At 10:38 PM, Anonymous Anonymous said...

The book looks amazingly interesting and will surely be added to my all the too long book list. However, incorporating Adorno, questions on the nature and politcs of art with questions of the lived reality of an Islamic republic, all of which understood through a reflexively gendered reading of 'western' classics sound nothing short of brilliant.

My first reaction to the anti-political brand of Islam the grandmother advocates is to say that no such thing exists. Although I completely agree with her criqique of 'opression as divinely ordained,' Islam's historical origins rooted it in political self-reflexivity. That is, the faith saw itself dually as a salvic force and a mode of collectivity, the ummah (which radical Islamists want to return to). Also, every religion has been used for perverse political purposes, and religion as an institution is never removed from the real socio-politcal historical contexts in which it operates, despite its own transcendent logic.

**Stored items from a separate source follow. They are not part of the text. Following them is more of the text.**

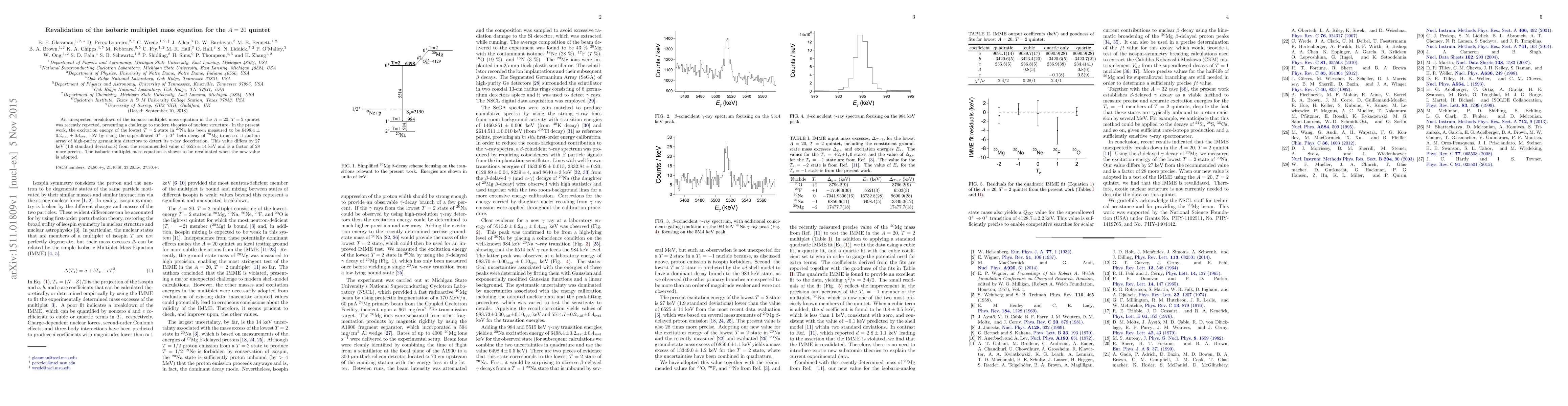 An unexpected breakdown of the isobaric multiplet mass equation in the $A=20$, $T=2$ quintet was recently reported, presenting a challenge to modern theories of nuclear structure. In the present work, the excitation energy of the lowest $T = 2$ state in $^{20}$Na has been measured to be $6498.4 \pm 0.2_{\textrm{stat}} \pm 0.4_{\textrm{syst}}$ keV by using the superallowed $0^+ \rightarrow 0^+$ beta decay of $^{20}$Mg to access it and an array of high-purity germanium detectors to detect its $\gamma$-ray deexcitation. This value differs by 27 keV (1.9 standard deviations) from the recommended value of $6525 \pm 14$ keV and is a factor of 28 more precise. The isobaric multiplet mass equation is shown to be revalidated when the new value is adopted.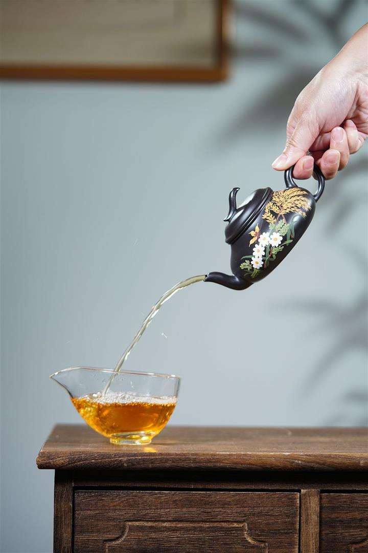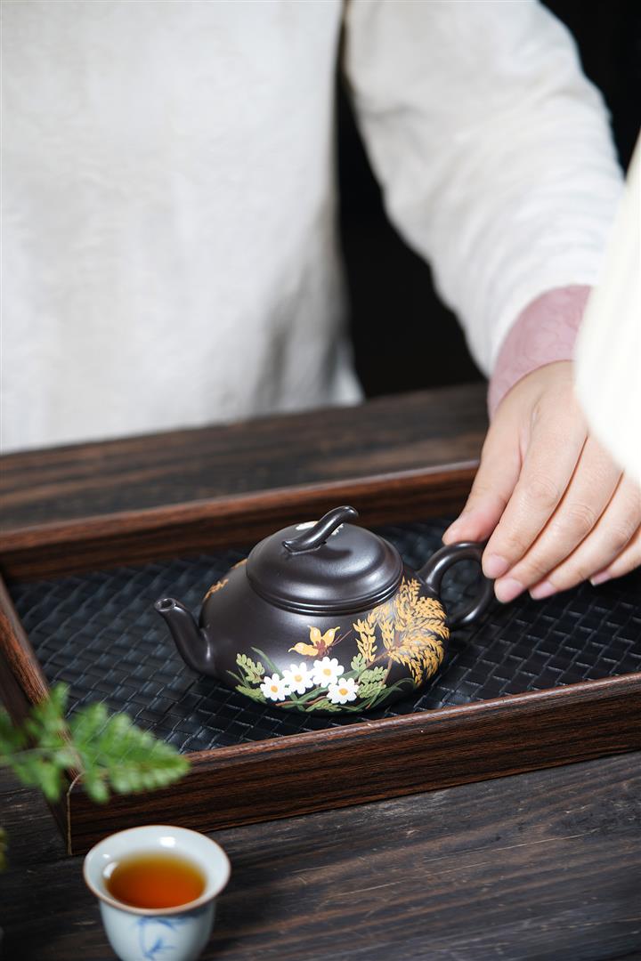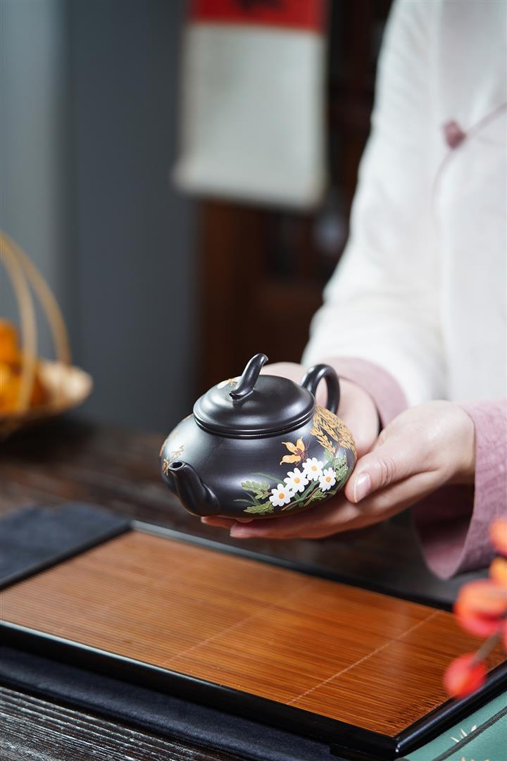 墨綠泥九齡君子蘭幾何周盤茶壺POT6518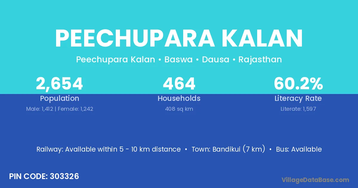 Bandikui (7 km) is the nearest town to Peechupara Kalan village for major economic activities and is located approximately 7 km away.

whoops...i'm forgetting blog ettiqutie;

Um, yes, so the book sounds amazing and thanks for alerting us to it. Very happy to see you posting again.

 
At 10:48 AM, Anonymous Anonymous said...

Great review! keep writing them and one day maybe you can get paid to read!

 
At 8:08 PM, Anonymous Anonymous said...

You may want to put the word "some" in front of men in this passage. Other than that, it's a very interesting theory.